C’est bon à savoir : Le niveau de maturité n’est pas figé ! Un même collaborateur peut être M4 sur certaines missions et M1 sur d’autres. De plus, les facteurs externes (contexte personnel, changement d’organisation, nouvelle technologie) peuvent faire fluctuer ce niveau. Restez attentif et ajustez régulièrement votre posture.
Les 5 comportements clés pour adopter un management situationnel efficace
Maintenant que vous avez compris la théorie, passons à la pratique !

1. Observer et évaluer en continu
Le management situationnel repose sur votre capacité à analyser les situations et à identifier précisément où en sont vos collaborateurs. Cela demande de l’observation active et des échanges réguliers.
On vous donne un exemple concret :
Marie manage une équipe de 6 personnes. Chaque lundi matin, elle prend 15 minutes individuellement avec chacun de ses collaborateurs pour faire le point sur les projets en cours, identifier les éventuels blocages et ajuster son accompagnement.
Ces rituels courts mais réguliers lui permettent de détecter rapidement les changements de niveau de maturité et d’adapter son style de management avant que des difficultés apparaissent.
Cette posture d’observation vous évite de tomber dans le piège du management par défaut où vous appliquez le même style à tous vos collaborateurs par habitude ou par facilité.
Pour aller plus loin sur ce sujet, n’hésitez pas à lire notre article sur les formations les plus adaptées pour les managers !

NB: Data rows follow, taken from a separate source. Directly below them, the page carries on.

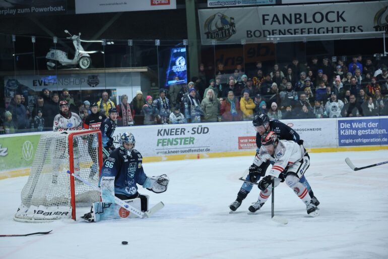 Mit dem Rücken zur Wand waren die Buchloer nach dem2:3 Serienrückstand vor diesem sechsten Duell am Freitagabend gestanden, in dem die Gäste mit einem Sieg die Serie hätten vorzeitig beenden können. Doch wie in bisher allen Partien zuvor sollte auch an diesem Abend am Ende das Heimteam die Nase vorne haben, wonach es zu Beginn aber nicht unbedingt aussah. Denn den Buchloer merkte man anfangs doch spürbar den immensen Druck des „gewinnen müssens“ an, der auf den Schultern der Freibeuter lastete. So kamen die Gäste besser ins Spiel und hatten in den ersten zehn Minuten gleich vier hochkarätige Chancen auf den Führungstreffer. Doch ein wieder einmal zuverlässiger Rückhalt Dominic Guran im ESV-Tor verhinderte mit starken Paraden den Rückstand. Und dann schlugen plötzlich die Piraten zu: Als die Hausherren gerade eine Unterzahl überstanden hatten, schickte Alexander Krafczyk den von der Strafbank zurückkehrenden Michal Petrak mustergültig auf die Reise und der tschechische Routinier behielt vor ECP-Tormann Justin Köpf die Nerven und traf zum 1:0 (13.) – zugleich auch der Pausenstand nach 20 Minuten.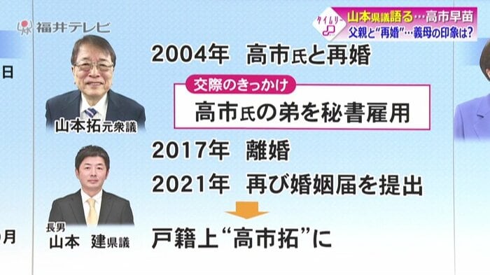 山本さんの父親で元衆議院議員の拓さんは、2004年に高市さんと再婚。その後、2017年に一度離婚したが、2021年に再び婚姻届を提出している。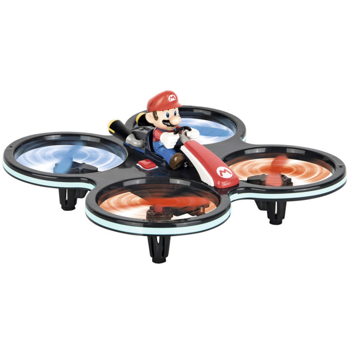 Mini-Copter Mario dron con frecuencia 2.4GHz y una autonomía 5 min puedes dirigirlo en todas direcciones con su mando radiocontrol tanto en interior como exterior. Batería de Li-Po 3,7V -430mAh.Se carga por USB y el mando funciona con 2 Pilas AA. Pilas no Incluidas.

2. Communiquer de manière adaptée
Chaque niveau de maturité appelle un mode de communication différent. Un collaborateur M1 a besoin d’instructions précises et étape par étape, tandis qu’un M4 attend plutôt des échanges stratégiques sur les objectifs globaux.
Voici un exemple :
Thomas, DRH d’une PME de 80 personnes, adapte sa communication selon ses interlocuteurs. Avec son assistant RH junior (M1), il envoie des emails détaillés avec des check-lists et des templates à suivre. Avec sa responsable formation senior (M4), il se limite à des échanges succincts sur les enjeux stratégiques et lui laisse carte blanche sur la méthode.

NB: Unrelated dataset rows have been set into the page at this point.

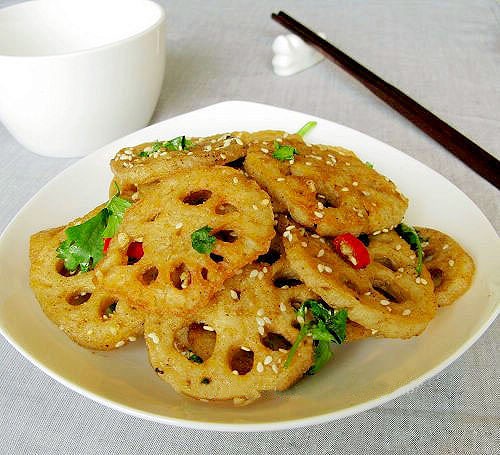 油温6成热,将藕片入油锅中火煎炸至微黄捞出;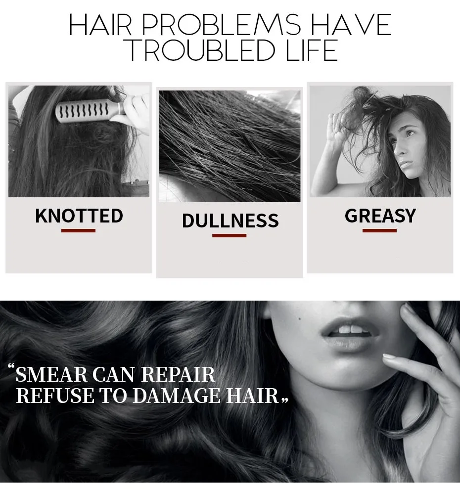 1. Ремонт глажки Марокканский глицерин помогает восстановить качество волос. 2. Увеличение блеска Натуральная эссенция питательные и блестящие волосы. 3. Расческа EASYTO E ssential масло проникает в сердцевину волос, чтобы сгладить. 4. Не жирный Я выгляжу как светильник, так и свежий, его легко впитывать.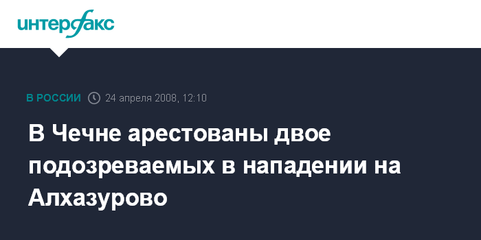 Грозный. 24 апреля. INTERFAX.RU - В Чечне заключены под стражу двое молодых людей, подозреваемых в причастности к вооруженному нападению на село Алхазурово Урус-Мартановского района, сообщила "Интерфаксу" официальный представитель Следственного управления СКП РФ по ЧР Марьям Налаева.
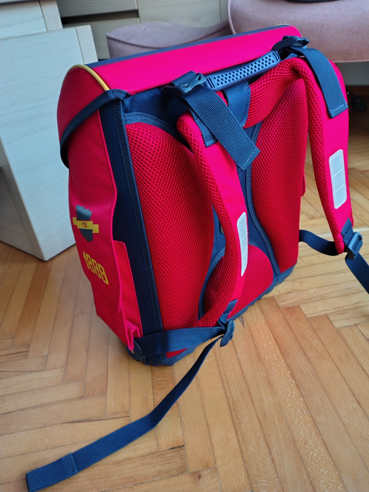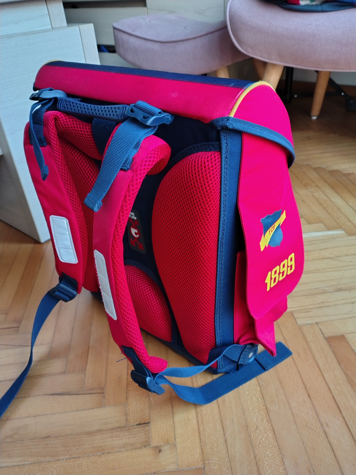 Aktovka je veľmi zachovalá, nosená len pár krát do klubu, lebo babička kúpila vopred a syn sa učil doma, nechodil do školy. Vieme ju doručiť niekam v Žiline, jej okolí a na Kysuce.

Cette adaptation de la communication évite les frustrations de part et d’autre : le junior ne se sent pas perdu, la senior ne se sent pas infantilisée.
3. Faire évoluer progressivement l’autonomie
L’objectif du management situationnel n’est pas de garder indéfiniment vos collaborateurs sous contrôle, mais de les faire progresser vers plus d’autonomie.

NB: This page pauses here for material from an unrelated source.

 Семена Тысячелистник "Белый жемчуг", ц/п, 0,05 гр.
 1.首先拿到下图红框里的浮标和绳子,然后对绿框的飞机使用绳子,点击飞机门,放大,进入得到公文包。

Cette progression s’accompagne souvent de formations ciblées pour combler les écarts de compétences. C’est tout l’intérêt d’une approche de développement des compétences structurée et personnalisée.
4. Donner et recevoir du feedback régulièrement
Le management situationnel nécessite des ajustements permanents qui ne peuvent se faire que par le dialogue. Vous devez donner du feedback à vos collaborateurs sur leurs progrès, mais aussi leur demander comment ils vivent votre accompagnement.
Voici les questions qu’un manager peut poser à ses collaborateurs :
- Est-ce que je t’accompagne comme tu en as besoin ?
- Aimerais-tu plus de liberté sur certains sujets ?
- As-tu besoin de plus de cadre ailleurs ?
5. Accepter la variabilité et rester flexible
C’est peut-être le comportement le plus difficile à adopter pour un manager : accepter qu’il n’existe pas de routine confortable où l’on pourrait gérer tout le monde de la même manière.
Le management situationnel demande une agilité permanente et une capacité à changer de posture plusieurs fois dans une même journée.
Cette flexibilité est au cœur du leadership moderne. Si vous souhaitez développer cette agilité managériale, nos formations dédiées aux managers vous proposent des mises en situation concrètes et des outils immédiatement actionnables.
Pour conclure…
Adopter le management situationnel :
- C’est reconnaître que chaque personne de votre équipe est unique et mérite un accompagnement personnalisé.
- C’est accepter de sortir de sa zone de confort pour passer d’un style directif à un style délégatif selon les situations.
- C’est aussi comprendre que votre rôle de manager n’est pas de contrôler, mais de faire grandir vos équipes vers plus d’autonomie et de performance.